== MATERIAL SUPPLIED ==
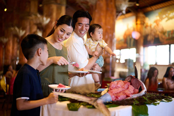 受賞歴を誇る本格的なルアウショー&ディナー。7~8時間かけて地中のかまどで蒸し焼きにしたイム(豚の丸焼き)をはじめ、ハワイの伝統料理やポリネシア各地の料理をビュッフェスタイルで堪能できます。華やかなフラや音楽とともに、スペシャルなひと時を演出します。
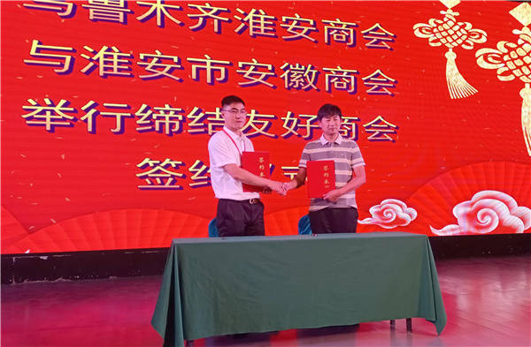 铁笔丹书,合作共赢。会议期间,乌鲁木齐市工商联与淮安市工商联签订战略合作协议;淮安商会与:安徽商会、淮安市健康产业商会、宿迁商会、乌鲁木齐扬州商会、乌鲁木齐连云港商会等,举行了友好商会签约仪式。
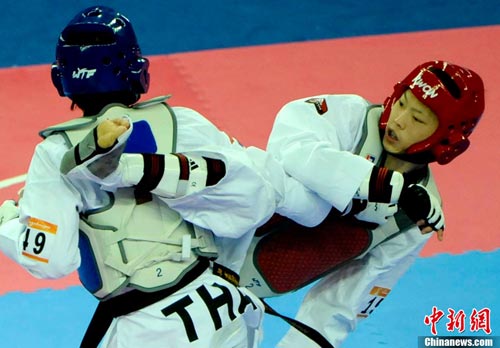 11月20日,中华台北选手魏辰洋(红)夺得广州亚运跆拳道男子58公斤级冠军。中新社记者 王东明 摄
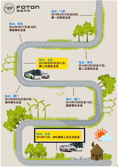在2014年11月北京怀柔将举办的领导人非正式会议,福田汽车将继续作为保障用车全程服务APEC会议。福田汽车APEC专属服务团队随时待命,全力确保APEC会议的顺利进行。
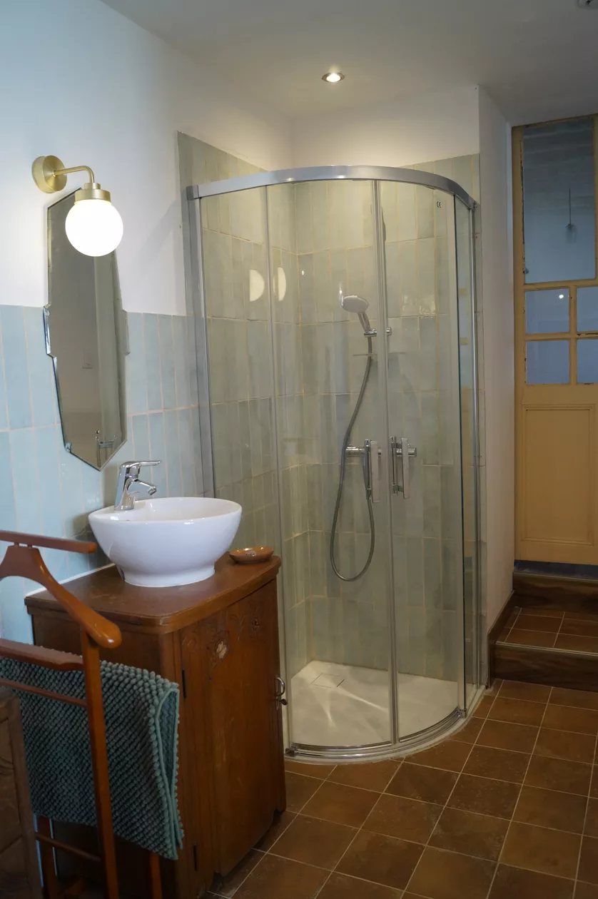 - Een slaapkamer met een tweepersoonsbed (140 cm). De badkamer staat in open verbinding met de slaapkamer.
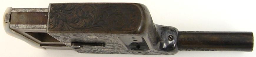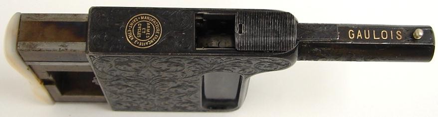 French Gaulois Palm Squeeze pistol. Blued and case hardened finish. Factory engraved. Manufacture Francais logo, Gaulois name and safety position are gold inlaid. Has pearl handle. Very desirable pistol for oddity collector.
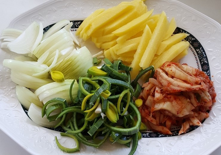 1. 양파, 감자, 파, 김치를 모두 송송 썰어 주어요~
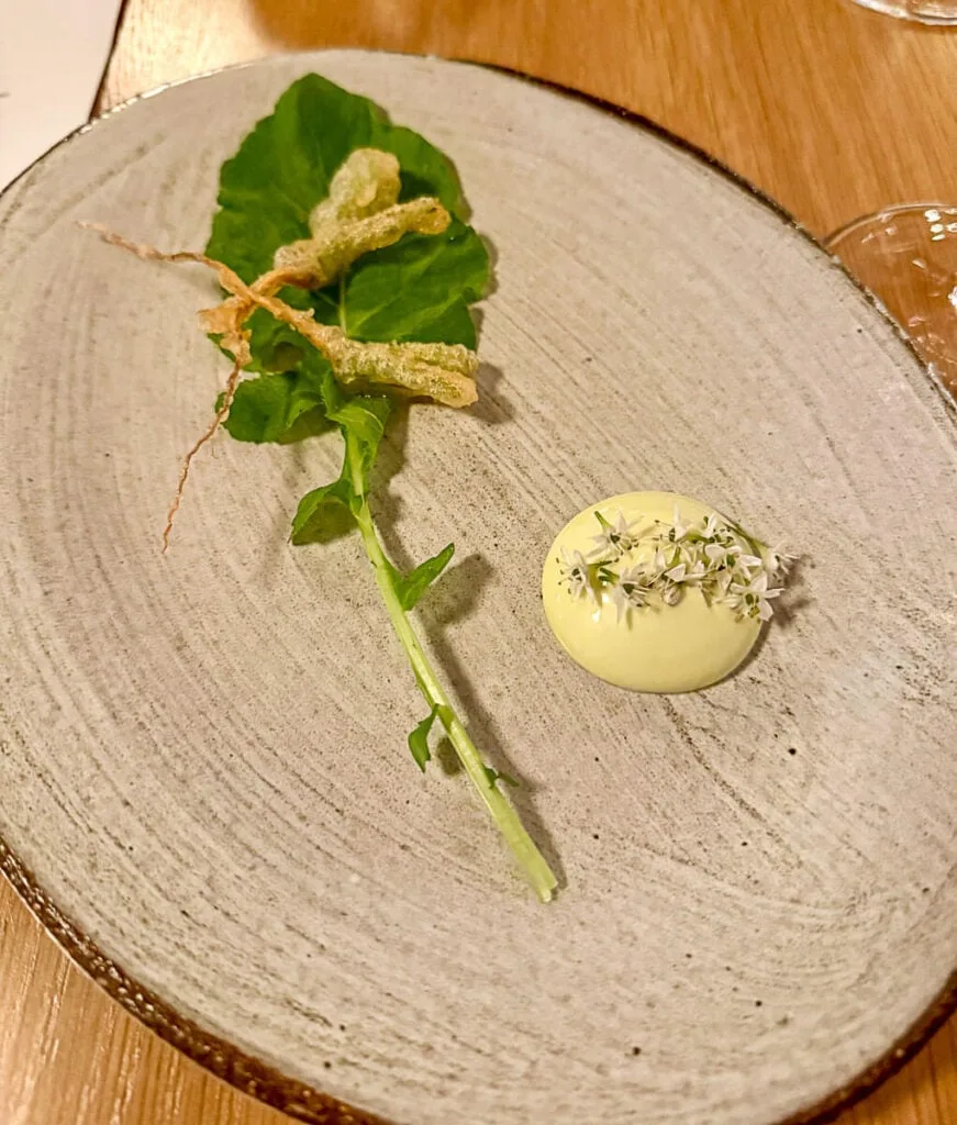 Le repas commence dans la serre ou au jardin, verre à la main, avant de se poursuivre autour d’une succession de plats créatifs.
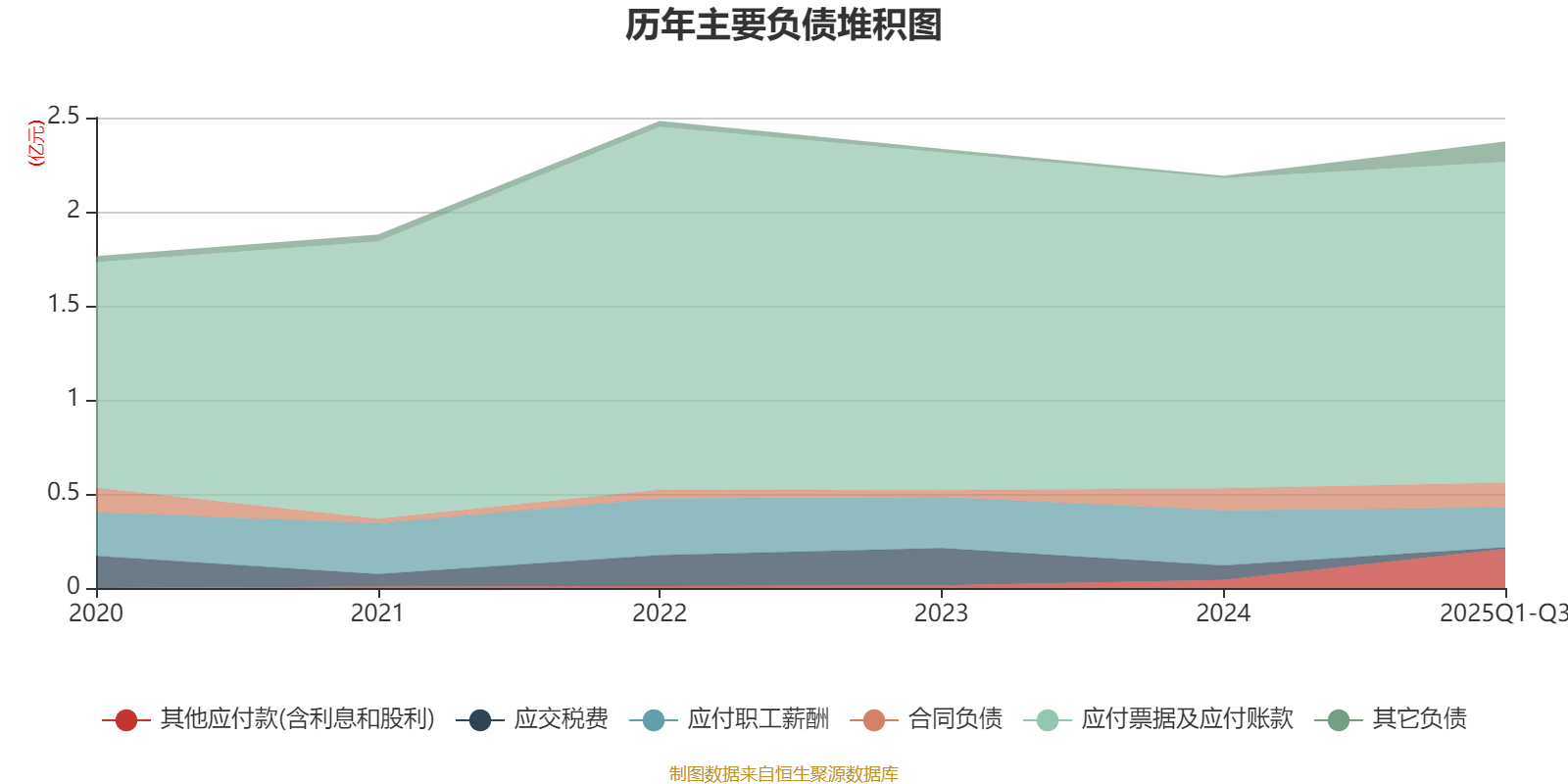 负债重大变化方面,截至2025年三季度末,公司其他应付款(含利息和股利)较上年末增加383.91%,占公司总资产比重上升1.39个百分点;短期借款占公司总资产的0.84%,上年末为0;应付票据及应付账款较上年末增加3.31%,占公司总资产比重上升0.75个百分点;应付职工薪酬较上年末减少27.61%,占公司总资产比重下降0.63个百分点。
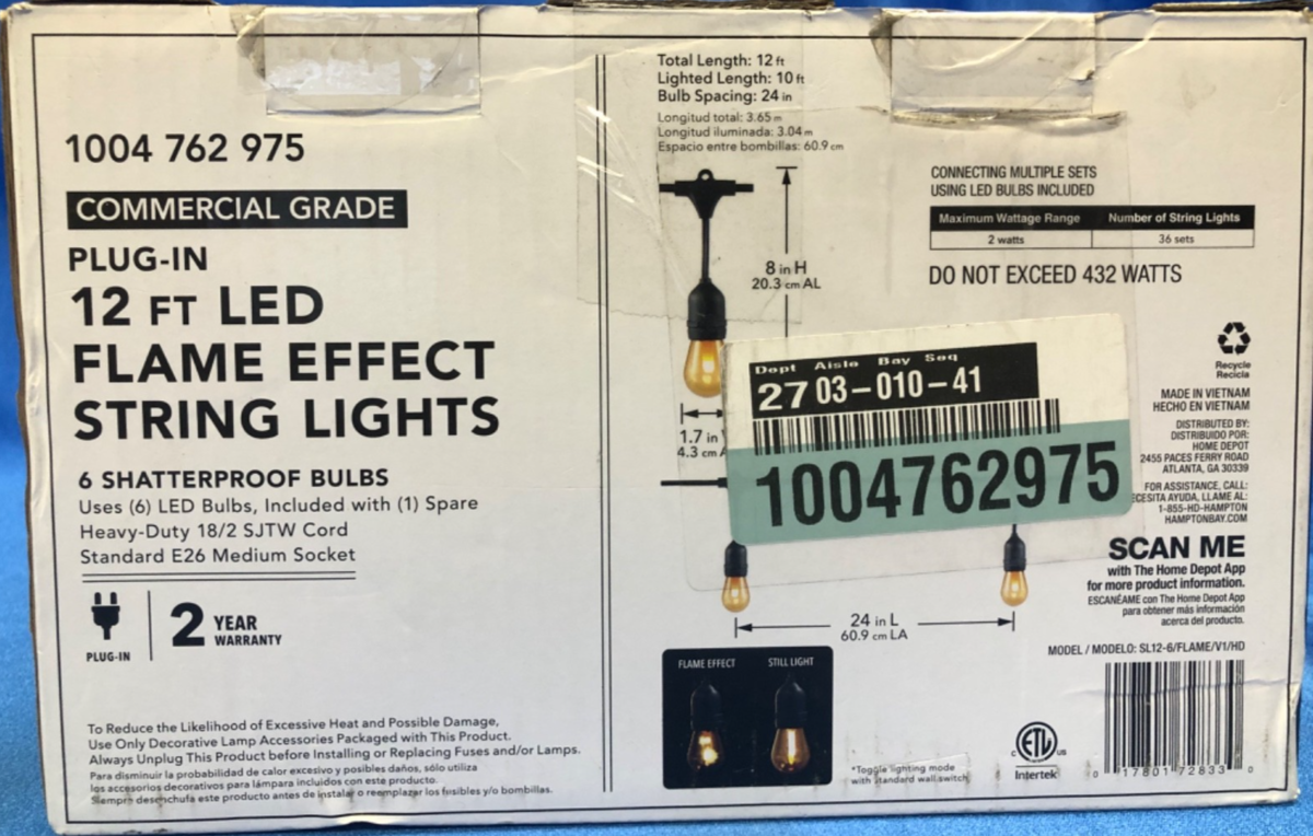 The Hampton Bay 6-Light 12 ft. Indoor/Outdoor Plug-In LED Flame Effect String Light is a versatile and stylish lighting solution for both indoor and outdoor spaces. With a sleek black design and easy wall plug-in power source, this string light creates a warm and inviting ambiance with its LED flame effect bulbs. Perfect for adding a touch of sparkle to your yard, garden, or outdoor living area, this string light from Hampton Bay is sure to enhance the beauty and charm of your space.
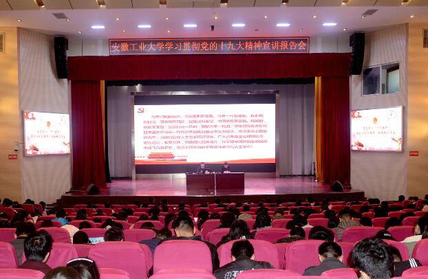 12月1日下午,党的十九大代表、马鞍山市郑蒲港新区姥桥镇党委书记郑李龙受邀走进beat365官网,在秀山校区大学生活动中心报告厅举行“不忘初心,牢记使命,深入学习贯彻党的十九大精神”的宣讲报告会,与青年学生畅谈十九大。校团委负责人、各学院分团委负责人、beat365官网习近平新时代中国特色社会主义思想青年研究会成员、校院学生骨干代表500余人参加了报告会。
===
**ASSIGNMENT**
Write each line exactly as it appears, from the line that holds "负债重大变化方面,截至202" through the closing line of the data above, and leave every picture out.

**RESULT FOR THIS EXERCISE**
 负债重大变化方面,截至2025年三季度末,公司其他应付款(含利息和股利)较上年末增加383.91%,占公司总资产比重上升1.39个百分点;短期借款占公司总资产的0.84%,上年末为0;应付票据及应付账款较上年末增加3.31%,占公司总资产比重上升0.75个百分点;应付职工薪酬较上年末减少27.61%,占公司总资产比重下降0.63个百分点。
 The Hampton Bay 6-Light 12 ft. Indoor/Outdoor Plug-In LED Flame Effect String Light is a versatile and stylish lighting solution for both indoor and outdoor spaces. With a sleek black design and easy wall plug-in power source, this string light creates a warm and inviting ambiance with its LED flame effect bulbs. Perfect for adding a touch of sparkle to your yard, garden, or outdoor living area, this string light from Hampton Bay is sure to enhance the beauty and charm of your space.
 12月1日下午,党的十九大代表、马鞍山市郑蒲港新区姥桥镇党委书记郑李龙受邀走进beat365官网,在秀山校区大学生活动中心报告厅举行“不忘初心,牢记使命,深入学习贯彻党的十九大精神”的宣讲报告会,与青年学生畅谈十九大。校团委负责人、各学院分团委负责人、beat365官网习近平新时代中国特色社会主义思想青年研究会成员、校院学生骨干代表500余人参加了报告会。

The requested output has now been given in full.